Source data:

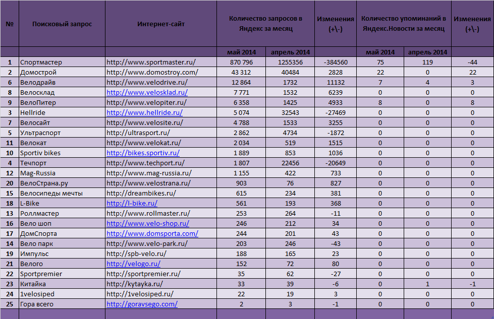 Рейтинг популярности интернет-магазинов, продающих велосипеды, в мае 2014 года.
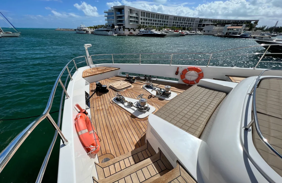 Embark on a voyage of discovery aboard Carobelle, a masterpiece of nautical craftsmanship from the renowned Gulf Craft shipyard. This 32-meter vessel, launched in 2018, is a testament to sophisticated Emirati design, promising an unforgettable journey across azure waters. As you glide seamlessly at a cruising speed of 10 knots, with the potential to reach thrilling speeds of up to 18 knots, Carobelle offers an unparalleled opportunity to unwind and explore both on and off the yacht. With a range of 1,500 nautical miles, your itinerary can be as adventurous as your spirit desires, whether you’re seeking hidden coves or vibrant coastal towns.
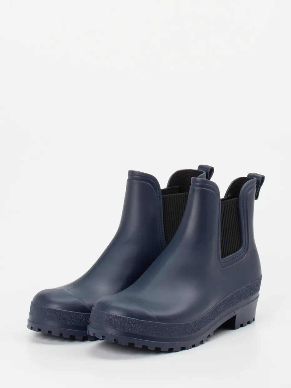 Diese pflegeleichte Gummistiefelette überzeugt durch wasserdichtes Finish und dezent profilierte Laufsohle – funktional und stilsicher bei Regenwetter.
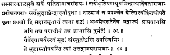A similar scathing attack on the Aindra/Daiva religion can be found in the Skāndapurāṇa, where both the Devas headed by Indra as well as the Ṛṣis praising them in the Veda are harshly castigated for, respectively, their addiction to praise & to material desires.
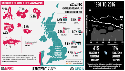 Studying the United Kingdom’s carbon footprint profiling between 1997-2018 reveals that carbon consumption-based emissions have consistently remained higher than territorial emissions. This is most likely due to a sectoral shift in the economy that has made the service sector the most important economic sector and thus, has prompted the outsourcing of the secondary sector commodities. These commodities, often imported from countries with lax climate regulations, end up bringing in higher carbon-emissions into its consumption figures.
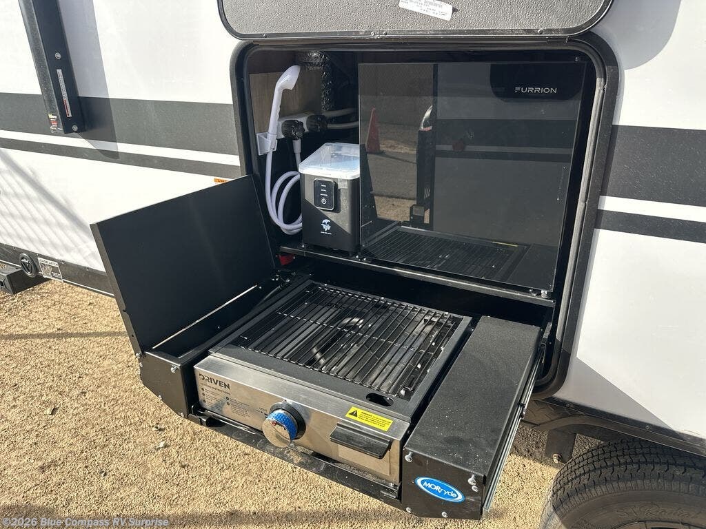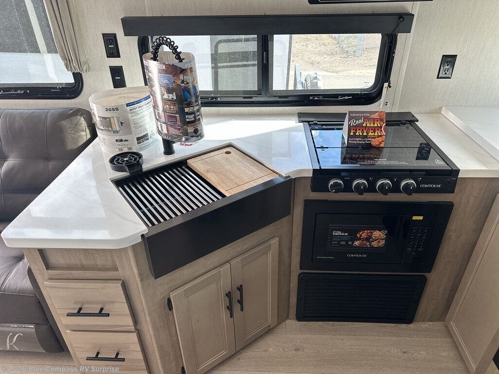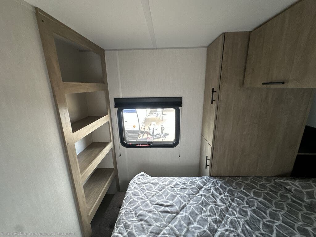 You'll love every minute spent in this single slide out travel trailer, whether you're cooking dinner on the outside kitchen or in the rear kitchen, relaxing on the sofa across from the fireplace, or sleeping on the RV king bed in the front master bedroom! There is a hidden pantry behind the fireplace for convenient storage, and the booth dinette within the slide provides a place to dine together. The walk-thru bath is spacious, and includes a tub/shower, toilet, and sink with counter space.
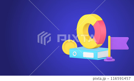 Analyzing company working checking profit with folder documents and rounded graph 3d icon
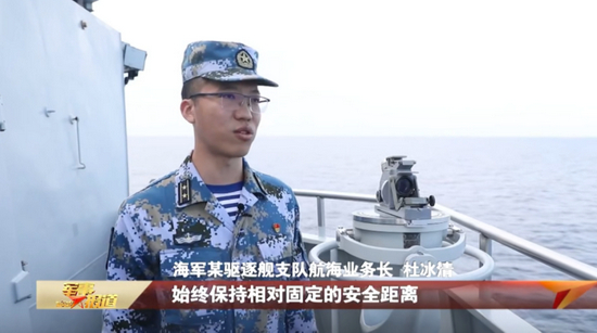 海军某驱逐舰支队航海业务长杜冰清: 编队航行补给是一项安全风险较高的训练内容,要求穿行舰艇始终保持相对固定的安全距离,这对舰体操纵和航海保障提出了很高的要求。我们必须实时提供精确数据,便于指挥员精准操纵舰艇,确保补给安全、顺利。
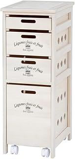 萩原 キッチンストッカー キッチンラック 野菜ストッカー キャスター付き 大容量 【すぐに使える完成品】 シンプル 木製 天然木 ホワイト白 MUD-6906WS
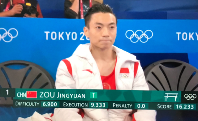 回到比赛,第一个出战的土耳其选手完成动作,拿到了15.633分,算是给双杠决赛打下了一个基础线,随后邹敬园出场,动作干净利落,几乎没有失误,难度分6.9,最终拿到9.333,总分16.233,非常惊艳,这个分数站上领奖台板上钉钉,就看后面选手能否超越了。
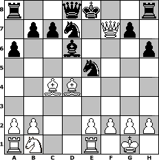 game notation in PGN-format [Event "3. Frankenwaldturnier"] [Site "www.myChess.de"] [Date "2007.05.07"] [Round "1"] [White "ujack1961"] [Black "Tommy6"] [ECO "C50"] [WhitemyELO "1795"] [BlackmyELO "1513"] [Result "1-0"] [TimeControl "10/1728000"] [WhiteDays "20"] [BlackDays "20"] [MyChessNo "34619"] 1. e4 e5 2. Nf3 Nc6 3. Bc4 h6 4. O-O Nf6 5. Re1 d6 6. c3 a6 7. d4 exd4 8. cxd4 Bg4 9. e5 dxe5 10. Be3 Bd6 11. dxe5 Bxf3 12. Qxf3 Nxe5 13. Bd4 Nfd7 14. Qxf7# 1-0 position notation in FEN-format r2qk2r/1ppn1Qp1/p2b3p/4n3/2BB4/8/PP2PPPP/RN2R1K1 - kq - 0 14 Captured white pieces: ![]() ![]() ![]() ![]() ![]() ![]() ![]() ![]() ![]() ![]() ![]() ![]() ![]() ![]() ![]() Captured black pieces: ![]() ![]() ![]() ![]() ![]() ![]() ![]() ![]() ![]() ![]() ![]() ![]() ![]() ![]() ![]() Click on a captured piece in order to display the desired move!

Task objective: In the entries above, every line from the line with "Analyzing company working" to the line with "海军某驱逐舰支队航海业务长杜" is to be printed exactly, with both ends included and pictures excluded.

Answer for this exercise:
 Analyzing company working checking profit with folder documents and rounded graph 3d icon
 海军某驱逐舰支队航海业务长杜冰清: 编队航行补给是一项安全风险较高的训练内容,要求穿行舰艇始终保持相对固定的安全距离,这对舰体操纵和航海保障提出了很高的要求。我们必须实时提供精确数据,便于指挥员精准操纵舰艇,确保补给安全、顺利。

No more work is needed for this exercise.